Diagnostics are also an important part of deciding whether the weights perform well. There are several areas that we will explore:
Typically, estimated samples sizes with weights are calculated as
\(\sum_i 1/w_i^2\) and gives us a
measure of how much information is in the sample. The lower the
effective sample size (ESS), the higher the variance, and the lower the
sample size, the more weight a few individuals have. Of course, we can
calculate this in causalOT
!
Of course, this measure has problems because it can fail to diagnose
problems with variable weights. In response, Vehtari et al. use Pareto
smoothed importance sampling. We offer some shell code to adapt the
class causalWeights
to the loo
package:
This will also return the Pareto smoothed weights and log weights.

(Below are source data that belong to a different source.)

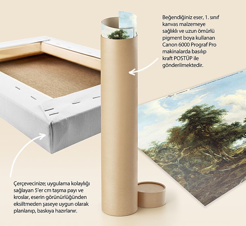Tüm baskılarda %100 pamuk 1. sınıf sanatsal kanvas (tuval) bezi kullanılır. Kanvasın kendine has dokusunu tablonuzda görebilirsiniz.
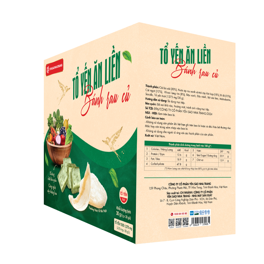 - Tổ yến ăn liền bánh rau củ là sự kết hợp hoàn hảo từ Tổ yến với hơn 10 loại rau củ giàu chất dinh dưỡng, bổ sung chất sơ và vitamin.
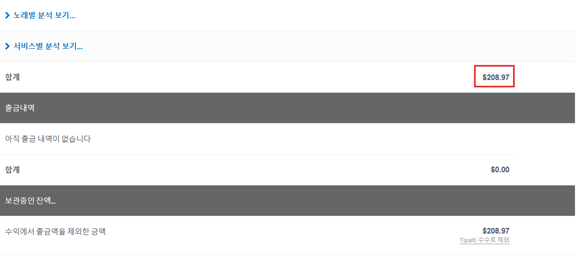 디스트로키드로 음원 배포만 했을 뿐인데 자동으로 저렇게 수익이 발생하니 정말 좋은 파이프라인이에요.

If we want to easily examine the PSIS diagnostics, we can pull those out too
PSIS_diag(raw_psis)
#> $w0
#> $w0$pareto_k
#> [1] -0.2320877
#>
#> $w0$n_eff
#> [1] 115.7568
#>
#>
#> $w1
#> $w1$pareto_k
#> [1] 0.2478191
#>
#> $w1$n_eff
#> [1] 82.99825
We can see that all of the \(k\)
values are below the recommended 0.5, indicating finite variance and
that the central limit theorem holds. Note the estimated sample sizes
are a bit lower than the ESS
method above.
Many authors consider the standardized absolute mean balance as a
marker for important balance: see Stuart
(2010). That is \[ \frac{|\overline{X}_c
- \overline{X}_t| }{\sigma_{\text{pool}}},\] where \(\overline{X}_c\) is the mean in the
controls, \(\overline{X}_t\) is the
mean in the treated, and \(\sigma_{\text{pool}}\) is the pooled
standard deviation. We offer such checks in causalOT
as
well.
First, we consider pre-weighting mean balance between treatment groups
mean_balance(x = hainmueller)
#> X1 X2 X3 X4 X5 X6
#> 1.0889178 0.9320099 0.9322327 0.3741322 0.2798986 0.2644929
and after weighting mean balance between treatment groups
mean_balance(x = hainmueller, weights = weights)
#> X1 X2 X3 X4 X5 X6
#> 0.036900048 0.006577199 0.003137536 0.003228830 0.002445118 0.060551316
Pretty good! However, mean balance doesn’t ensure distributional balance.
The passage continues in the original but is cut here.